Clustering methods can be used to divide data into groups of failure types (Serradilla et al. Reference Serradilla, Zugasti, de Okariz, Rodriguez and Zurutuza2021). A practical example by Gittler et al. (Reference Gittler, Glasder, Öztürk, Lüthi, Weiss and Wegener2021) utilizes a multivariate dataset with vibration and acoustic emission signals to predict the flank wear of milling machinery. The signals are segmented into bins of a fixed window length of which features are extracted and then filtered. Several samples are taken during degradation and are then clustered by their most relevant features. Visualization using t-SNE is then employed to compare the clusters with actual flank wear and see if they correspond with each other.
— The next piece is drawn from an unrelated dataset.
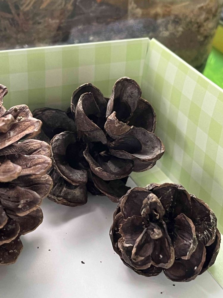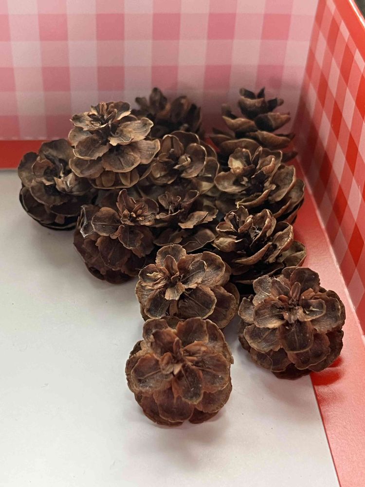 いとこの子供と一緒にお散歩をして拾って来た松ぼっくりや、お出かけをして拾って来た松ぼっくりを集めました😆👍🌲 まだ箱に空きがあるので、また拾って来たら入れようと思います😆👍

One of the main shortcomings of this and similar approaches is that they only focus on one fault type to be evaluated, and assume that the data can be perfectly clustered and mapped without overlap of other (latent) fault types. Li, Li, and Ma (2020) have a similar approach to our pipeline, utilizing an auto-encoder to compress machinery data into a latent space, followed by k-means clustering to distinguish faults. However, clustering directly on high-dimensional data poses challenges, particularly in determining the appropriate number of clusters in advance. Moreover, clustering anomalies directly from the training data (Li et al. Reference Li, Izakian, Pedrycz and Jamal2021; Pu et al. Reference Pu, Wang, Shen and Dong2020) would therefore not be feasible for such high-dimensional data in our specific use case.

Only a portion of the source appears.